Estábamos con nuestros planes cuando el maestro salió a la calle con una vara en la mano y, dando gritos y haciendo gestos amenazadores con la vara, nos llamó a todos para qué entráramos en la escuela, pues el tiempo de recreo había terminado.
A mediodía, nada más comer, cogí una caja vacía y corriendo me encaminé al colegio. Allí me estaban esperando los otros tres con impaciencia. Rápidamente nos fuimos hasta la cueva de San Pedro.
Una vez allí, el Cabrero cogió la caja y le hizo un agujero. En él puso una especie de embudo, que había hecho con un trozo de cartón. Acto seguido, cogió a la reina de las abejas, la puso en el embudo y esta se introdujo en la caja, seguida por todas las abejas del enjambre. Una vez dentro todas, tapamos el agujero y con la punta de un lápiz hicimos agujeros pequeños para que las abejas pudieran respirar.
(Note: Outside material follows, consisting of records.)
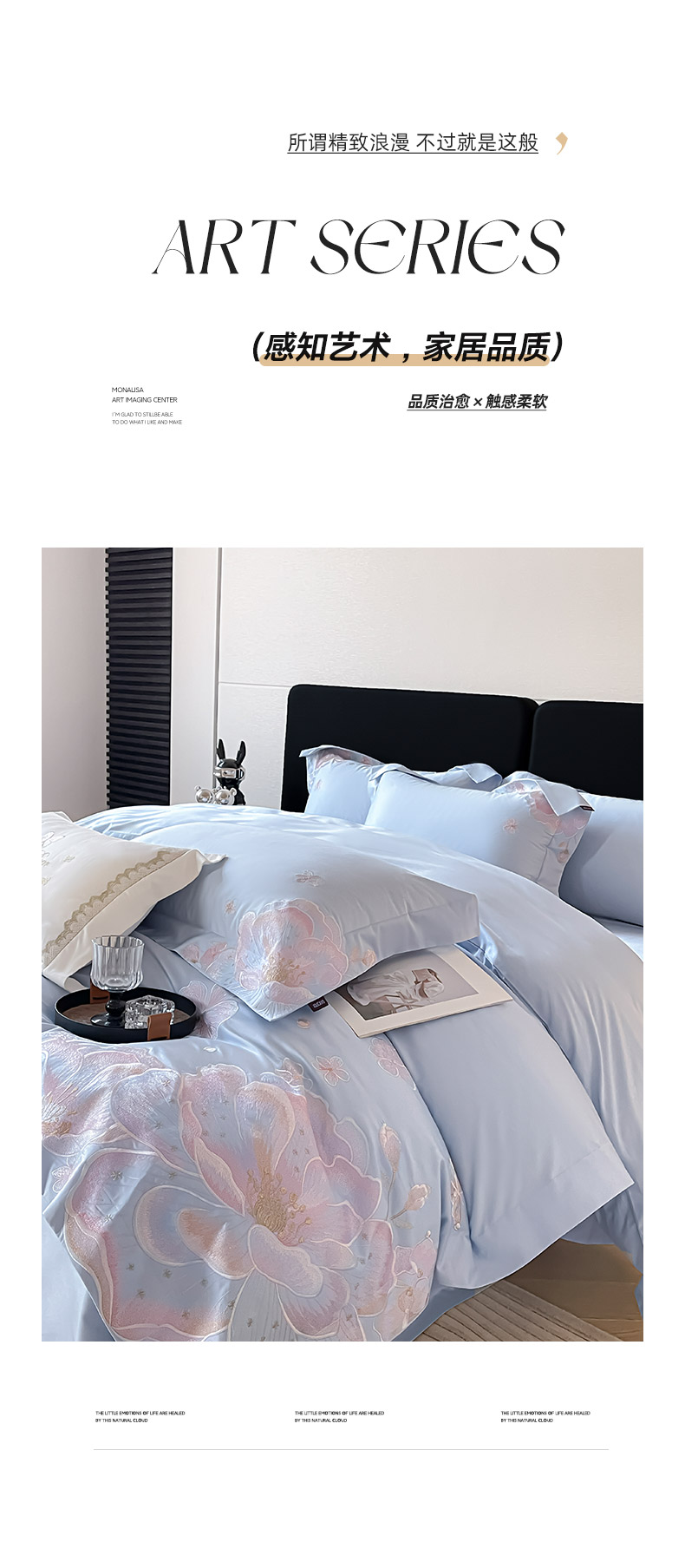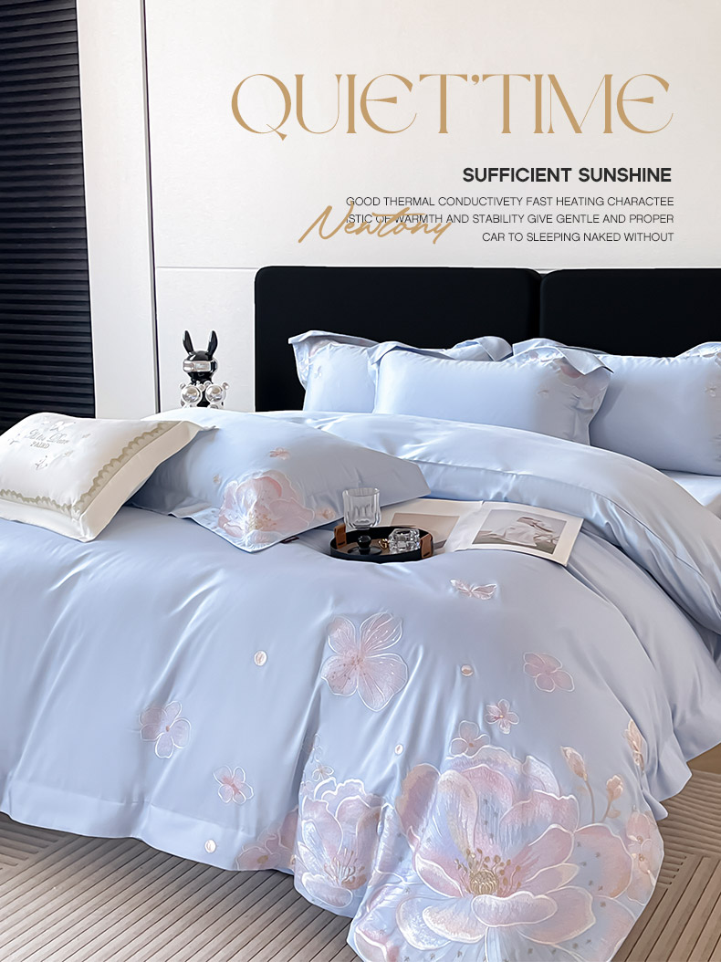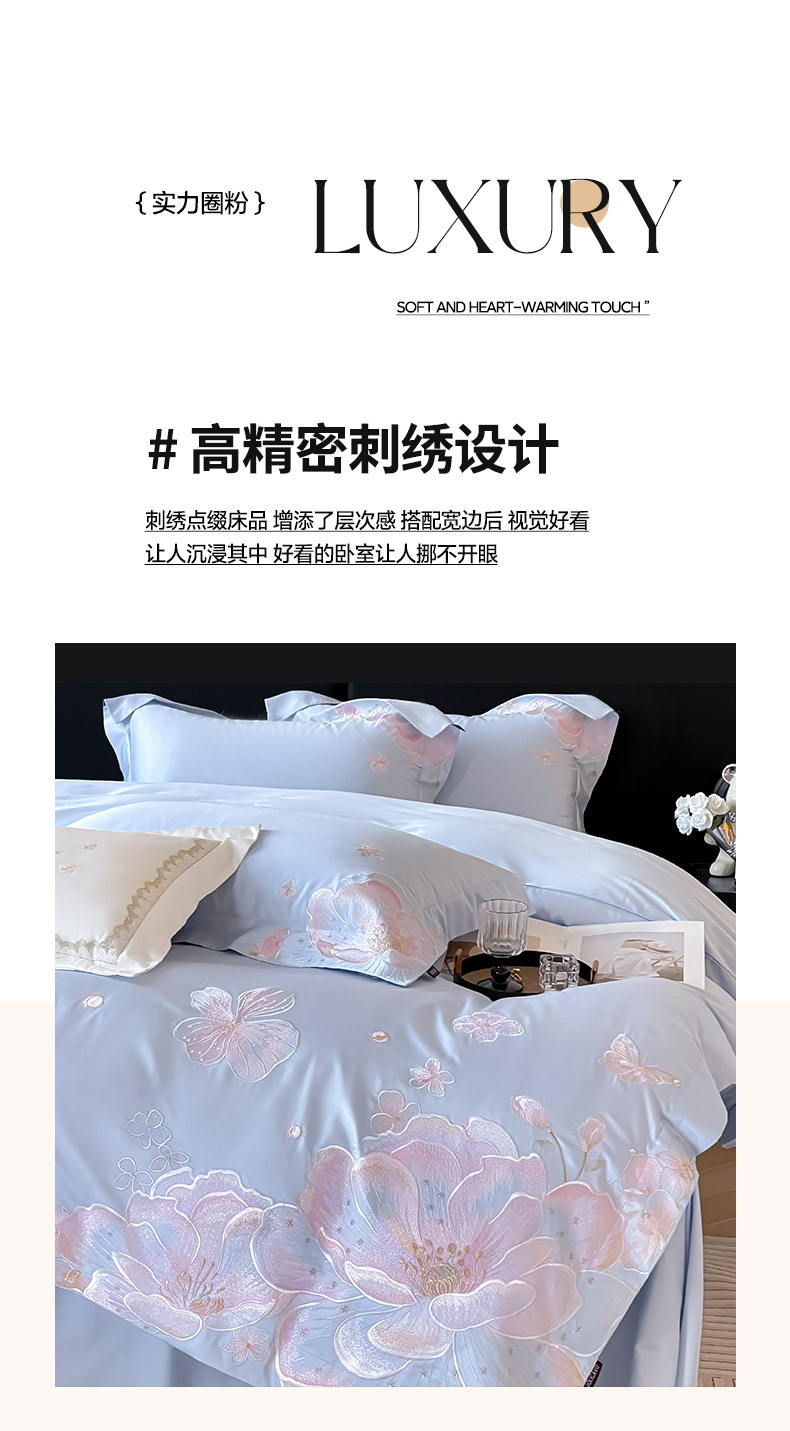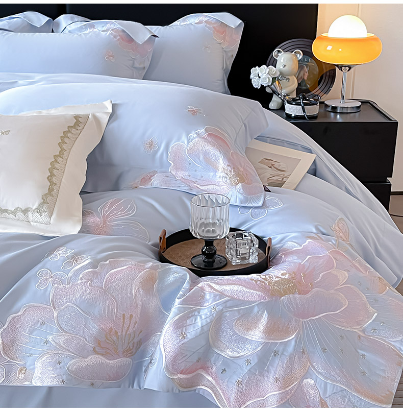 商品名称:2026马年特惠新品A类长绒棉纯棉四件套100全棉重工刺绣被套床单床笠轻奢高级感床上用品-花之语 花之语-慕蓝
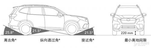2022款森林人升级了车身的越野参数,车头接近角有21.5度,车尾离去角达25.8度,而纵向通过角也有21.5度,最小离地间隙提升至220mm。(注:不同配置的车型的越野参数会有所不同,但整体差别不大。)
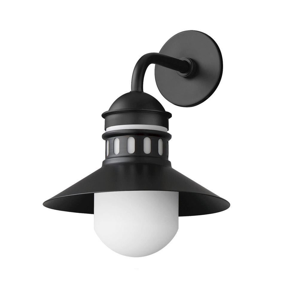 Coastally inspired, the wide brimmed aluminum spun shade on this series of outdoor rated sconces, pendants, and flush mounts features a tiered shade design. The ringed separation features a filigree of oval cut outs, whereby a single lamp illuminates the Satin White glass supporting it. The resulting light is dispersed both above and below the spun shade as well as through the patterned filigree. Both modern and classic homes can appreciate this classic design reimagined. The series is available either in Matte Black or a striking Two-Tone Black with Antique Brass.

Una vez que el enjambre estaba dominado, empezamos a elucubrar planes sobre qué haríamos con ellas, hasta llevarlas al huerto. Decidimos que, lo primero, las taparíamos con un jersey enrollado y las llevaríamos con nosotros a la clase. Así lo hicimos y, sin que nadie se diera cuenta, las introdujimos en la escuela.
Ya dentro del aula, dejamos la caja con las abejas en la bandeja del pupitre. En el pupitre estábamos sentados como compañeros Nacho y yo. En el pupitre delantero había sentado un crío incordiante, que quería saber el contenido de la caja. En un descuido, la cogió y Nacho se la quiso quitar. En el forcejeo la caja cayó al suelo y fue como la explosión de una bomba de abejas: enseguida se lleno la clase de una nube de abejas zumbadoras.
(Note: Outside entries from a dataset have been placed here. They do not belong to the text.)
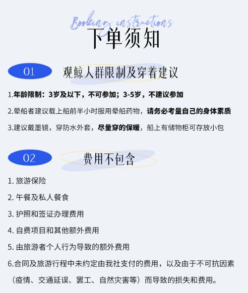 观鲸游船取决于当天海洋和气候条件(船长会在登记前10分钟告知是否出行)。若出行当天因风浪等天气因素而取消,我们退观鲸船票给您
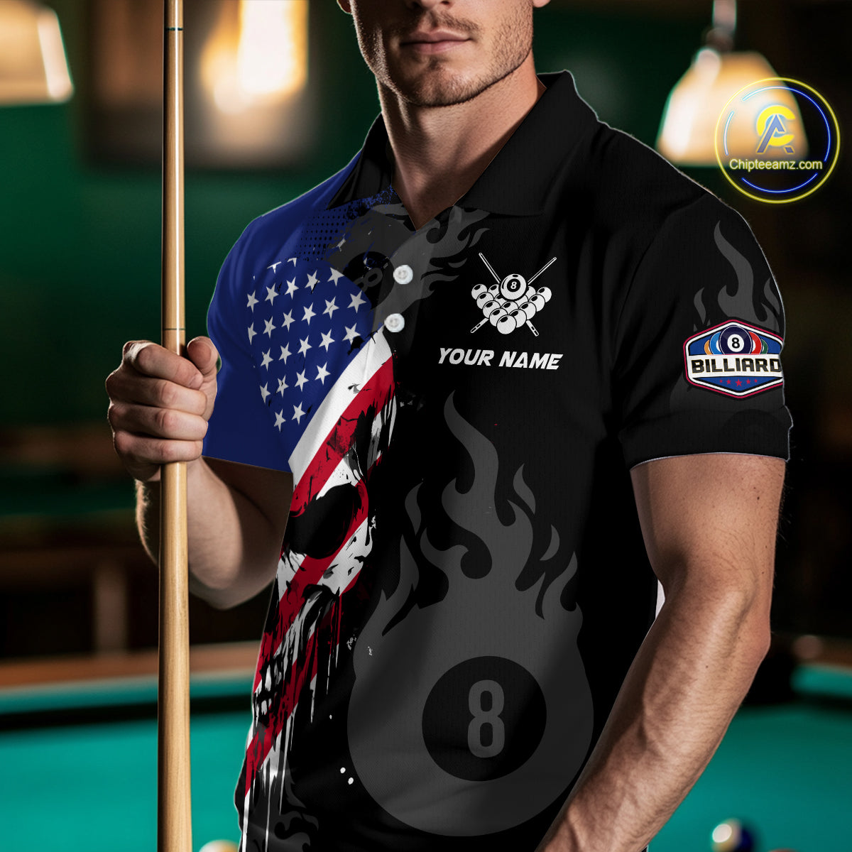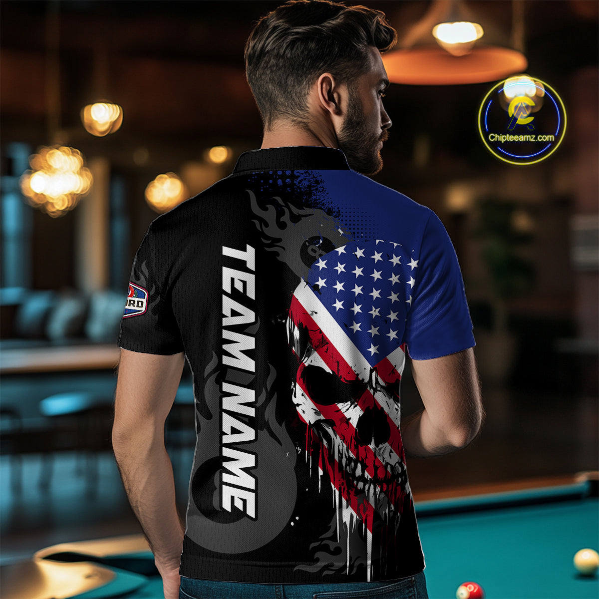 Grunge American Flag Skull 8 Ball Pool Custom Men Billiard Shirts, Patriotic Billiard Team Jerseys TDM3249
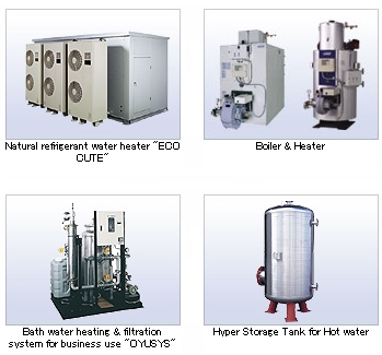 To ensure that living lives' comfortable environment is getting inevitable theme in global warming present day. Our Environment & Air Conditioning Equipment Division has various products or system of air conditioning and water filtration from business use to household use, such as boilers, heaters, Fan Coil Unit, Air Handling Unit, bath water heating & filtration system, and air cleaners. These environment-friendly products or system contribute to save water, and to keep air clean. We continue our business expansion based on air and water treatment, still try to create healthy and comfortable environment through active development of product that answers the needs of the age. Natural refrigerant water heater "ECO CUTE" Boiler & Heater Fan Coil Unit Bath water heating & filtration system for business use "OYUSYS" Hyper Storage Tank for Hot water Panel Heater Homed bath water heating & filtration system "BATHPOKA" Stainless foil heating resistor

¡Mi madre, la que se formó! Todos los críos corrían aterrorizados saltando pupitres y dándose manotazos para espantar las abejas. El maestro gritaba y corría sin saber qué hacer. Hubo varias picaduras entre los alumnos, y dos más, al maestro, una en una oreja y otra en la nariz. Por fin al maestro se le ocurrió abrir las ventanas y con un paño las fue ahuyentando hasta que salieron todas.
Poco a poco la cosa se fue tranquilizando. Pero, por parte del maestro, empezaron las indagaciones. Los chivatos, que en todas partes los hay, dijeron que habíamos sido nosotros los que habíamos introducido la caja con las abejas en la escuela. El crío incordiante dijo que sí, que la había tenido en las manos. Y empezaron los castigos. Primero, cogió la vara de más grueso calibre y nos dio cuatro palos en cada mano a los cuatro. Después, nos puso de rodillas cara a la pared con los brazos en cruz y nos tuvo toda la tarde así, llamándonos de vez en cuando para darnos otra tanda de palos. Después de la clase, nos tuvo retenidos dos horas más, y sin merendar.
A salir de allí, el maestro tenía la oreja como un tomate y la nariz como una berenjena. Fuimos corriendo para casa y, al llegar, tuvimos que dar explicaciones del retraso. No recuerdo muy bien todos los castigos que me impusieron. Lo que más recuerdo es que estuve un mes sin cine.